Pharmacological autophagy enhancement constitutes a preclinically validated strategy for preventing or treating most major age-associated diseases. Driven by this consideration, we performed a high-content/high-throughput screen on 65 000 distinct compounds on a robotized fluorescence microscopy platform to identify novel autophagy inducers.
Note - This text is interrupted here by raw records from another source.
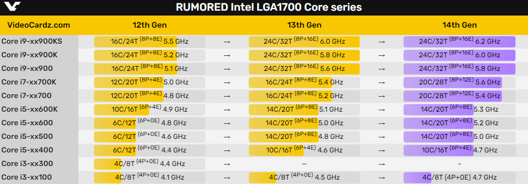 i9-14900K还是8+16 24核心,最高频率从5.8GHz来到6.0GHz。i7-14700K变化就大了,8+8 16核心变成8+12 20核心28线程,最高频率预计提升到5.6GHz。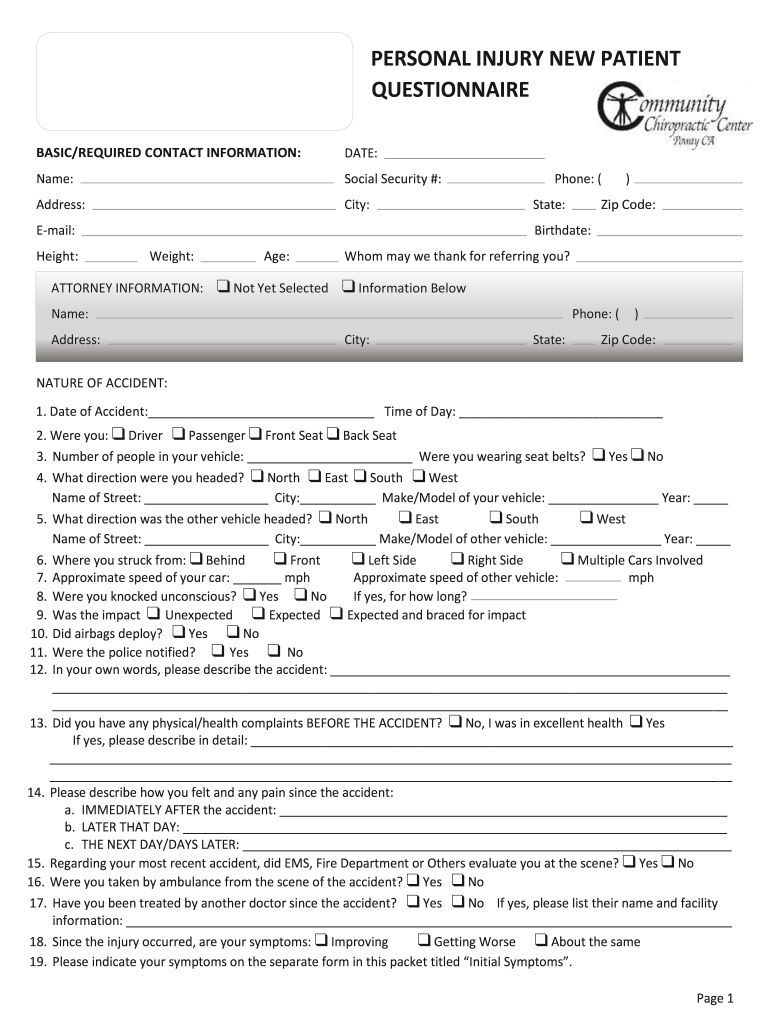 Get the free PERSONAL INJURY NEW PATIENT QUESTIONNAIRE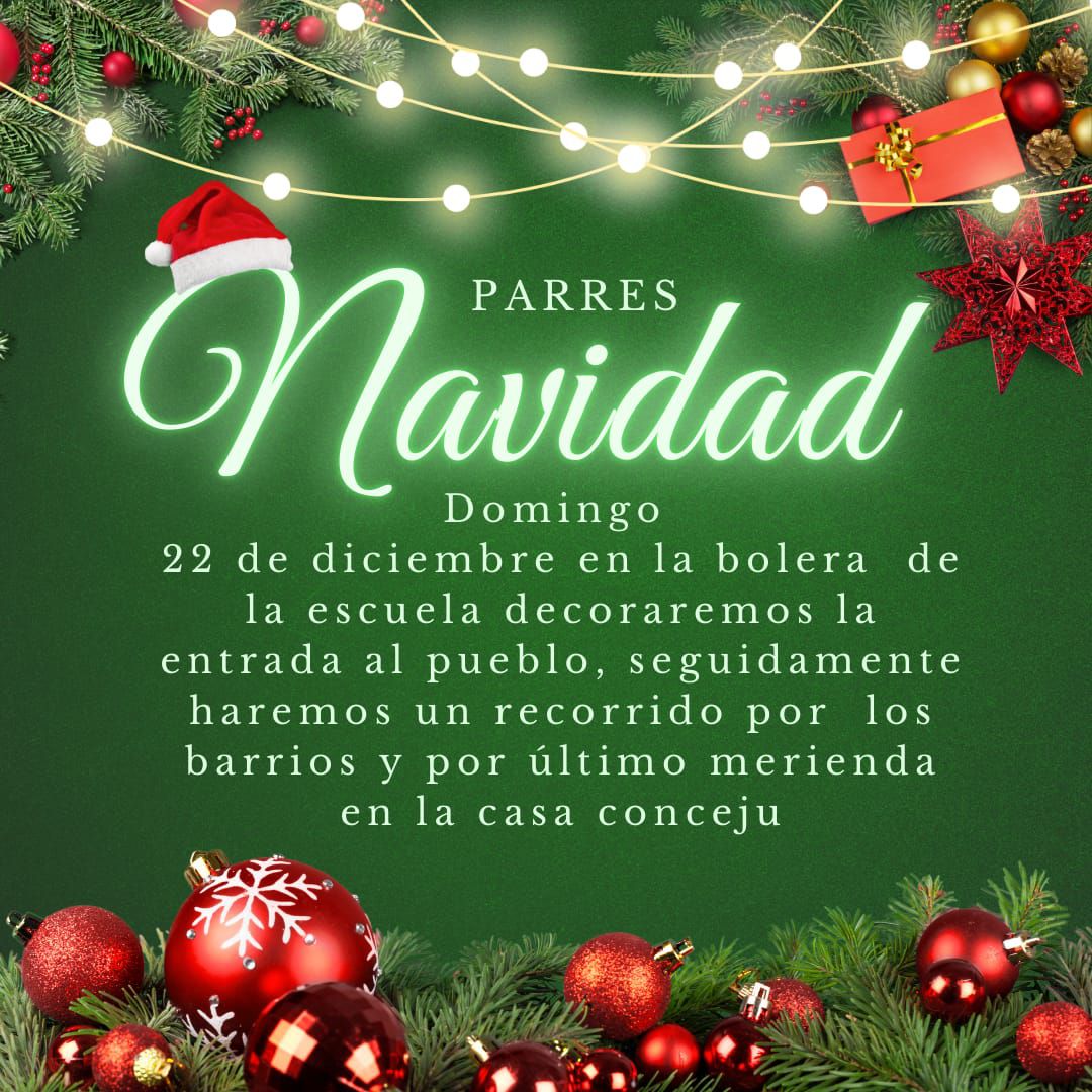 El domingo 22 de diciembre, a las 16:00 h. en la bolera de la escuela, quedaremos para poner adornos de Navidad en la entrada de Parres. Convocamos a todos los cri@s y sus familias para participar y llevar adornos. Después daremos una vuelta para ver las casas adornadas, pedir el aguinaldu y vender papeletas del sorteo de la fiesta de Sta Marina. Terminaremos el día con merienda y baile en la Casa Conceju. Animamos a tod@s a participar y celebrar este encuentro navideño.

Here, we report the discovery of picropodophyllin (PPP) as a potent inducer of autophagic flux that acts on-target, as an inhibitor of the tyrosine kinase activity of the insulin-like growth factor-1 receptor (IGF1R). Thus, PPP lost its autophagy-stimulatory activity in cells engineered to lack IGF1R or to express a constitutively active AKT serine/threonine kinase 1 (AKT1) mutant. When administered to cancer-bearing mice, PPP improved the therapeutic efficacy of chemoimmunotherapy with a combination of immunogenic cytotoxicants and programmed cell death 1 (PDCD1, better known as PD-1) blockade. These PPP effects were lost when tumors were rendered PPP-insensitive or autophagy-incompetent. In combination with chemotherapy, PPP enhanced the infiltration of tumors by cytotoxic T lymphocytes, while reducing regulatory T cells. In human triple-negative breast cancer patients, the activating phosphorylation of IGF1R correlated with inhibited autophagy, an unfavorable local immune profile, and poor prognosis. Altogether, these results suggest that IGF1R may constitute a novel and druggable therapeutic target for the treatment of cancer in conjunction with chemoimmunotherapies.